Decision by Chinese regulator raises limit for overseas investment

The UK insurance industry could see billions of pounds of investment from Chinese insurance companies following their government’s decision to relax foreign investment rules.

The decision last week by the China Insurance Regulatory Commission (CIRC) will raise the limit for overseas investment by Chinese insurance companies from five to 15% of their assets. This lowers the geographical barrier that has held the burgeoning market back and potentially free up around £24bn.

Experts said the move would see Chinese insurers investing in rather than acquiring UK insurance businesses.

Richard Baddon, insurance partner at Deloitte, said: “It will take a while before Chinese insurance companies become acquisitive. They don’t have the industry experience to allow them to say ‘we want to buy into this particular market’. It is more about trying to understand how their own market works first.”

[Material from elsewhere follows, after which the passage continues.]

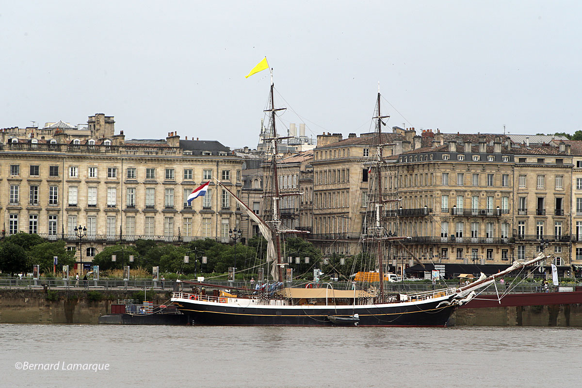 Le quatrième grand voilier, un peu isolé des trois autres est le Morgenster qui se trouve au ponton Jean Jaurès et qu’on peut visiter lui aussi. C’est un Brick deux mâts de 48 mètres de long avec un tirant d’air de 28 mètres, Ce brick hollandais « Vrou-Maria » (nom originel), est construit en 1919 à Scheveningen aux Pays-Bas construit dont la coque et le pont sont en acier. Il a participé à la Tall Shipps’ Regatta 2018 avec son étape Dublin Bordeaux et il vient de participer aux Fêtes Maritimes de La Rochelle du 19 au 23 juin. Il est resté bateau de pêche en Mer du Nord tout au long de sa vie jusqu’en 1970. Il avait été rebaptisé déjà Morgenster en 1959 mais, son activité s’est diversifiée à partir de 1970 pour s’illustrer dans la pêche sportive et il a même un moment hébergé une radio libre. Il peut embarquer jusqu’à 36 personnes en croisière, c’est un voilier traditionnel qui allie détail traditionnel et luxe contemporain. Racheté en 1993 par Harry Mutter, il est magnifiquement restauré au fil des années et représente un réel intérêt pour la visite. Comme chaque année les voiliers partent trop vite au goût des festivaliers qui aiment regarder ces magnifiques bateaux en dégustant du Bordeaux et même parfois en buvant de l’eau car quand il fait très chaud cela permet de rester en forme. Des abreuvoirs sont ainsi disposé le long des quais et si on pense avoir un peu forcé la dose, on peut toujours faire tester son taux d’alcoolémie car il y a un stand pour effectuer cette recherche.

The flow of business into China has surged in recent years as foreign investors take advantage of an emerging economy. But the flow of business out of the country has been stifled by regulatory constraints. The commission’s decision is likely to impact the direction of flowing capital.

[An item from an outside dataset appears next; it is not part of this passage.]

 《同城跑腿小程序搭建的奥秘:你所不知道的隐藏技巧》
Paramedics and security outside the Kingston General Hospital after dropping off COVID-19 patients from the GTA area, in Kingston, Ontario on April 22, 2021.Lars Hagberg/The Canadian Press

A survey of financial service M&A activity in Asia carrier out by PricewaterhouseCoopers (PwC) revealed that a main goal for companies was entering geographical markets, with 68% admiting they are looking for strategic investment and 58% expressing interest in joint ventures and partnerships with overseas firms .

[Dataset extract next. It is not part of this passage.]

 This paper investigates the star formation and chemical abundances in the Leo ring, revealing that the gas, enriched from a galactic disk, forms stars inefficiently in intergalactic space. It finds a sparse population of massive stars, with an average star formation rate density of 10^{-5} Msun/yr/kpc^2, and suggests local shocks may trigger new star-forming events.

Only regulation and regulatory attitude is holding them back from restructuring and M&A?activity.

Charles Garnsworthy, partner at PwC’s insurance practice, said: “The Chinese market has huge potential that is growing rapidly, and Chinese companies have learned from more mature markets, which have helped with product knowledge and pricing.”

The commission’s decision signals the way in which China’s economy is maturing and import and export of capital is progressing.

At a stage where Chinese companies are evolving, growing and innovating, he predicts they will now stretch their reach either through acquisition or joint ventures with foreign companies.

Chinese insurers have combined assets of £161bn, with the total growing at a rate of 25% to 30% a year.

Meanwhile, Royal & SunAlliance has been granted approval from the CIRC to establish a subsidiary to transact non-life insurance in China. This will enable R&SA to build capability, develop a nationwide network.